In its latest incarnation, VOACAP is readily available as an online tool, shown in the picture above. It is easy to use. Just enter your location and the location of the transmitter you want to hear. In the above picture, I analyzed the HF radio propagation path between my home in Calgary, Alberta and Israel. VOACAP Online then drew a circular graph showing which frequencies and times of day provide the best probabilities of a connection. In my case, it is best for me to try to contact Israel during my mid-morning hours on the 20 meter ham band. The program says that I will have an 80-90% chance of a workable path.

The weakness of VOACAP is that it does not take geomagnetic disturbances into account. It assumes geomagnetic quiet. Geomagnetic disturbances have a particularly bad influence on signals traveling through the auroral zone and over the polar cap. In some parts of the world, many signal paths to areas of interest pass through these zones. But ITS has another program for that, called ICEPAC. It has the same roots at VOACAP, but has been modified to take better account of the effects of the auroral and polar zones on the ionosphere.

If you were to analyze the Calgary-Israel path (shown above) with a K=4 disturbed index, you would get less promising results with ICEPAC.

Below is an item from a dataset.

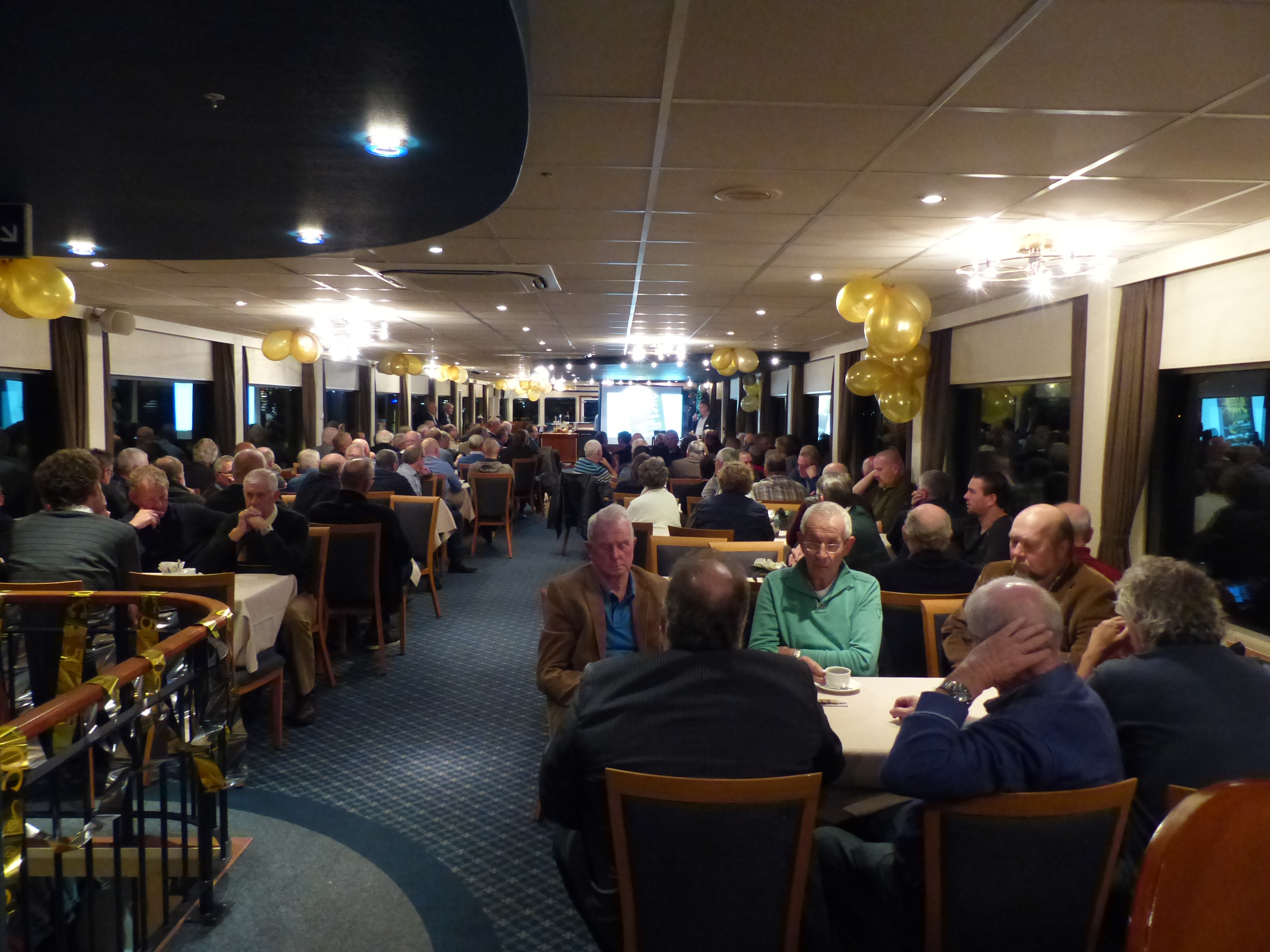 ’s Avonds waren de weergoden ons wat minder goed gezind dan overdag, maar omdat het schip aangemeerd bleef liggen, bleef dat voor velen onopgemerkt tot het moment dat men weer voet aan wal zette. Voor het avondprogramma waren onze vrijwilligers, alle aangesloten hengelsportverenigingen en andere hengelsportorganisaties uitgenodigd. Tijdens toespraken van enkele bestuurders uit verschillende hengelsportorganisaties en de directeur Ed Piek werd ingegaan op 50 jaar hengelsport en met name de kracht van onze vrijwilligersorganisatie.
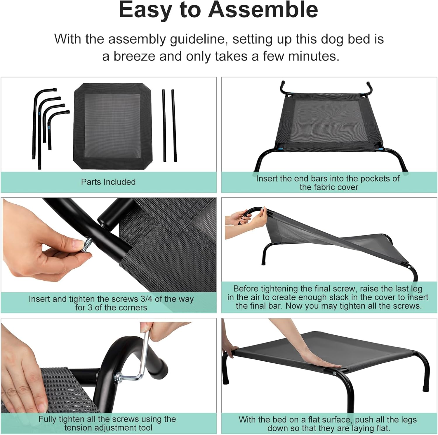 • Enhanced Comfort and Airflow: Our Cooling Elevated Dog Bed Cot provides an elevated sleeping surface that promotes airflow and keeps your large dog cool and comfortable all night long.

Anyway, these tools help you with the science of HF radio propagation. As for the art, you need to develop your own skills and judgments to get the most our of these tools. HF radio propagation is more complex than simple tools can handle, but they get you off to a good start. I would encourage you to play with VOACAP Online. Then, if you feel adventurous, you can install both VOACAP and ICEPAC on your own computer. They are free for you to download and enjoy.